Minimal Hitting Set (MHS) enumeration is a fundamental problem with applications in various domains like databases, AI, bioinformatics, and constraint satisfaction. Given a hypergraph (a collection of sets), the goal is to find all minimal subsets of the hypergraph's vertex set that have a non-empty intersection with every hyperedge (set in the collection). While generally it is not known if the problem has computationally tractable delay-time solution, the algorithm by Kenig and Mizrahi provides an efficient approach for hypergraphs of bounded treewidth, achieving fixed-parameter-linear delay after an FPT preprocessing phase. This library implements that approach.

Files

  • PyMELib/
    • utils/: Directory containing helper functions for:
      • readHypergraphFromFile.py: Reading input files and transforming them to the reduction graph.

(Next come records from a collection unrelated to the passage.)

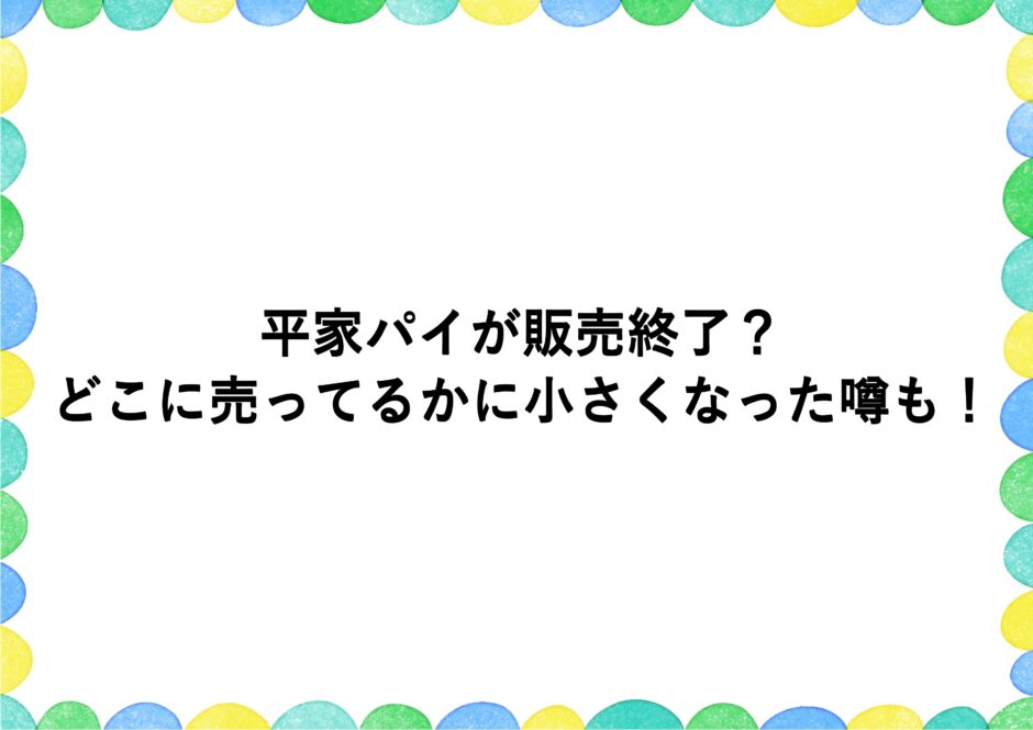 平家パイが販売終了?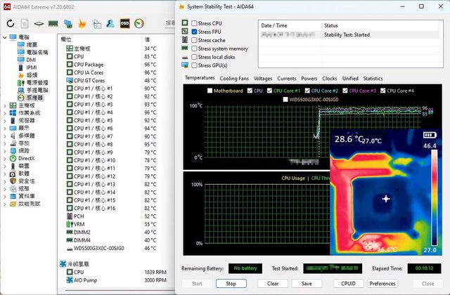 單烤FPU時電壓顯示約為1.35V,溫度則為Package 96度、P核心平均92.75度,冷排風扇轉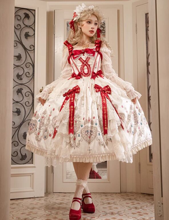 クラシカルロリータ クラロリ ジャンパースカート のみ 2タイプ 4色 ひざ下丈 ミモレ丈 リボン レース 貴婦人 貴族 お嬢様 ゴージャス レディース イベント 舞台 撮影

      • addConstraints.py: Adding constraints on vertices inclusion/exclusion in the output.
      • graph_utils.py: General graph utilities.

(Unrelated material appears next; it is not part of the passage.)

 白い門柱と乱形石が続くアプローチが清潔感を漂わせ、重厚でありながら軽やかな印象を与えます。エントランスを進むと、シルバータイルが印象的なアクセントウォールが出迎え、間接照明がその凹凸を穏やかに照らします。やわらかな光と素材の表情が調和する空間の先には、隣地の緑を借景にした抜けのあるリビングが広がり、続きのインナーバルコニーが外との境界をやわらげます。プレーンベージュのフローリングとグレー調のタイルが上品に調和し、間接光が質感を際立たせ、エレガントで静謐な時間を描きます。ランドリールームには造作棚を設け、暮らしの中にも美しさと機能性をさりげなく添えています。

      • comb_utils.py: Combinatorial utilities.
      • labels_utils.py: Utilities related to labels.
    • EnumerationAlgorithms.py: Contains the enumeration algorithms.

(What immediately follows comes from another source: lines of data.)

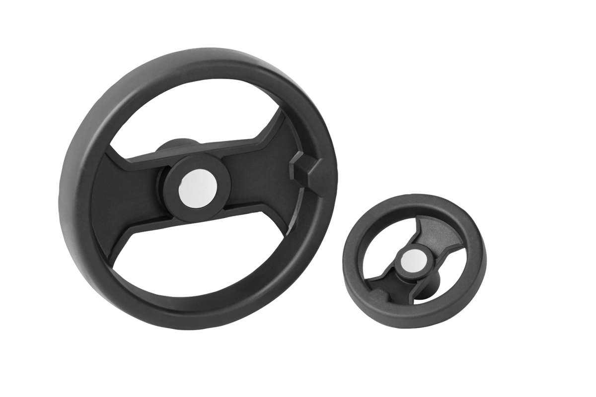 Handwheel, oil and grease resistant, black (RAL 9011), satin finish.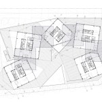 NADAAA’s solution houses the program in five cubic volumes, rotated at odd angles and connected variously at their corners or along their flanks. The resulting “necklace” of construction defines a shared plaza. The joining of modules is achieved with angular slices at their corners that can yield sheltered entries, glazed lobbies, or canted skylights for upper levels.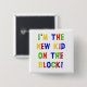 El texto de los colores primarios lee al "nuevo niño en el bloque" en las nuevos camisetas, monos, bolsas de asas, pegatinas, tarjetas, y más del niño.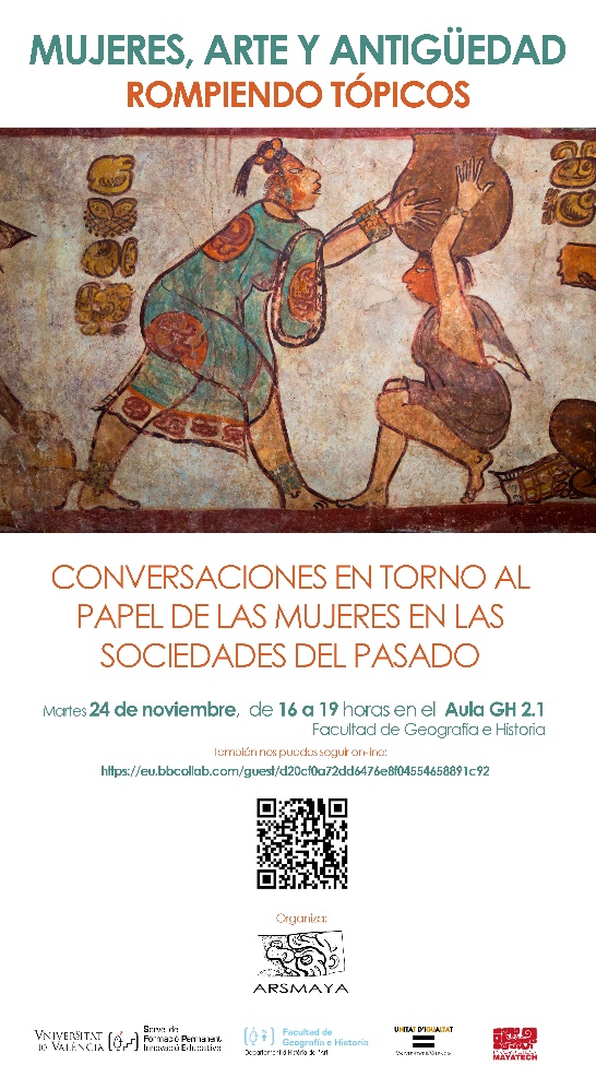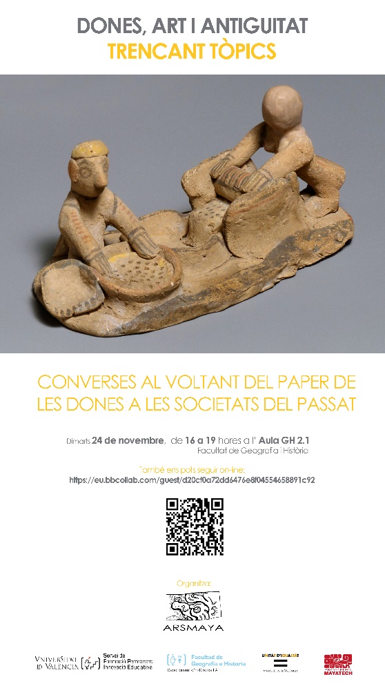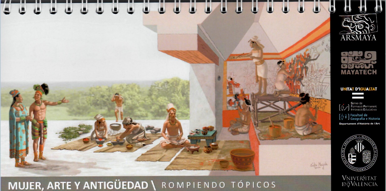 Una de las novedades del nuevo Plan de Estudios, también conocido como Plan Bolonia, en nuestro grado fue la organización de actividades complementarias en las diferentes asignaturas, a través de las cuales es posible organizar jornadas científicas, talleres, visitas a museos y exposiciones u otras actividades vinculadas con temas de especial interés y actualidad para la materia que se imparte. Estas, además, pueden ser transversales a otros programas y ayudas, como por ejemplo los impulsados desde la Unitat d´Igualtat de la UV o desde el Servicio de Formación Permanente e Innovación Educativa (SFPIE) de esta misma Universidad. En este sentido, desde el grupo de investigación Arsmaya, siempre se ha procurado proponer acciones en el marco de esas actividades complementarias que estuvieran íntimamente relacionadas con las investigaciones y actividades llevadas a cabo por sus miembros. Dado que, como decíamos, el estudio de las mujeres del pasado es una de las líneas de investigación desarrolladas en este grupo, varias de estas actividades han estado dedicadas a esta temática, y especialmente a las mujeres mayas, ya que el estudio de esta antigua civilización prehispánica posee un importante protagonismo en dicho grupo de investigación. No obstante, la aplicación de la perspectiva de género al estudio de las manifestaciones artísticas de otras culturas antiguas del Viejo Mundo ha sido, como se ha visto, una constante en las experiencias docentes en el aula por parte de todo el equipo de Arsmaya, lo que ha llevado a la incorporación en el grupo de nuevas especialistas en materia de estudios de género en el área del Mediterráneo.

    • TreeDecompositions.py: Handles tree decomposition related tasks.
    • PreprocessingAlgorithms.py: Contains preprocessing algorithms.
    • Factors.py: Contains classes used as factors.
    • labels.py: Handling Labels' definition and logic as defined in [1].
  • tests/: Contains unit tests for various components (e.g., test_basicEnumDSAlgo.py, test_basicEnumHSAlgo.py).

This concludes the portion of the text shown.